Hi, this is Dr. Emily Parke with your next functional health minute. Today, I’d like to talk a little bit about elimination diets and the mindset around elimination diets. This has come up a few times recently via social media, and I see it live with my patients all the time.
So a lot of practitioners, including myself, will ask patients to do some form of an elimination diet for a purpose. The purpose is to see what foods you may be sensitive to. A lot of the elimination diets, they take out the most common food allergens and food sensitivities, right? So if you think about a paleo reset, a paleo autoimmune protocol, Whole30, which is very similar to paleo, or even other types. There’s many other types of food eliminations, right? You can go on a histamine elimination diet. You can go on an oxalate reducing diet. You can go on a salicylate reducing diet. You can go on …there’s many different types of diets you can go on, right?
Is this food good for me or bad for me?
So because a lot of people want to categorize things as, “Is this food good for me or bad for me?” And there’s no general answer for everyone, right? It’s like you have to find out for yourself. When we ask you to do 30 day elimination of something, at the end of the 30 days, there’s always this reintroduction phase where you get to try out some of the foods that you have eliminated from your diet to see if they’re causing you any symptoms. Because at the end of the day, we want you on the most full diet that you can be on that does not cause you symptoms. Meaning, I want you to get the most foods back in your diet that you possibly can that doesn’t cause you symptoms, that makes you feel good.
So I got recently got asked a question about peanuts, for example. Like, “I see you’re suggesting instead of peanuts, doing these other nuts like almonds, and walnuts, and etc…. I thought peanuts were good for me.” And it’s not that they’re not good for you. And that’s another thing I want to make sure doesn’t start happening, as people start kind of vilifying certain food groups and there really isn’t one diet plan that’s a 100% great for 100% of people, right?
Personalization and the Individualization
So this is where the personalization and the individualization comes in and is really handy. So in the peanut example, yes, peanuts are a very common allergy, and they are a food sensitivity trigger for a lot of people also. Peanuts also can have higher levels of aflatoxin A, which is a mold toxin that some people are sensitive to. So there’s a short list of reasons why you might want to consider taking them out of the diet, and that’s one of the reasons why it isn’t in most elimination diets. A paleo reset, paleo autoimmune protocol, peanuts are not in there, for example. And that’s one of the reasons why, but there are lots of other examples of this, right? So even if you take the differences between something like a paleo food plan and a paleo AIP, well, AIP doesn’t have eggs. Eggs are an amazing, awesome food. If you can tolerate eggs, great, but they are also a common allergen and sensitivity.
I can keep giving examples like that. Even foods like dairy, right? Everyone says, “Oh, dairy is so inflammatory.” Well, is it for you, though? You know, you want to actually find out. Organic, full-fat dairy, especially the fermented dairy products, can be a really good health food for you. You just have to find out if you can tolerate it.
So the purpose of doing a lot of the elimination diets is to find out what the best food plan is for you. And I want to watch people kind of vilifying certain food groups, and saying like, “You should never eat this it’s bad.” There are a few exceptions to that, right? Like we all know we should not be doing a lot of processed and packaged food items. We should not be doing high sugar items, fast food. Things like that are obvious, right? No one should have a lot of that in their diet because it’s not health food for anyone. And we know that it causes significant disease and chronic illness in everyone.

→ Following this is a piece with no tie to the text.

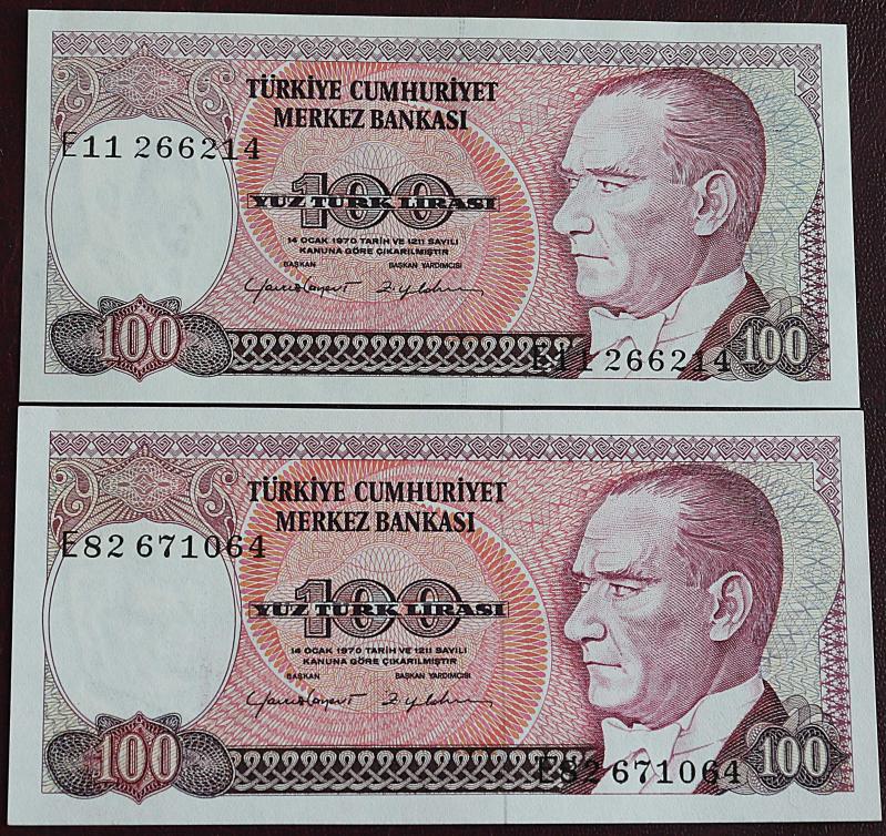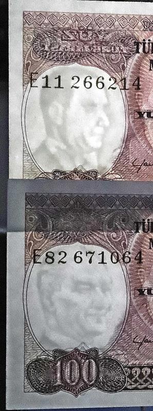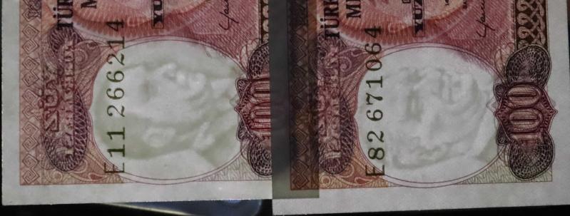 Türkiye Cumhuriyeti 7. Emisyon 2. Tertip 100 Lira E11 266241/ E82 671064 Farklı Filigran Takım Çil, 5 gün önce satışa sunulmuştur.

But much beyond that, as far as grains, dairy, soy, even the peanut question, all of that and all of those foods, people can tolerate them, and a lot of people can tolerate them. You just have to find out what your magic combination is.
The “Always or Never” Attitude
Another common question I get is like, “Does everyone need to be gluten free?” And honestly, the answer is no, but if you think about it logically, if you’re a perfectly healthy person, your gut is perfectly healthy, your immune system’s perfectly healthy, you eat gluten; we do know that it causes these tiny little micro-tears in the small intestine, but if you are a healthy person with a healthy gut and healthy immune system, you’re going to repair those micro-tears, and you’re not going to get intestinal permeability or leaky gut.
But doing what I do, in functional medicine, those are the people coming through my door, right? If you’re coming to see me, it’s because you’ve got symptoms going on, and likely some immune system dysregulation and some issues in the gut and so on and so forth, so that’s why eliminating gluten is a very common recommendation. Do you need to eliminate it 100% of the time and forever? Probably not for 100% of people, but for a vast majority of people, they do feel better when they take gluten out of the diet because, like I said, it is known to kind of cause these micro-tears in the small intestine, a little bit of inflammation, and that can lead to intestinal permeability, which is the gateway to autoimmune diseases, and all kinds of other diseases as well. I just want to caution people to be careful about the “always or never” attitude when it comes to foods.
This is Dr. Emily Parke, and this is your functional health minute.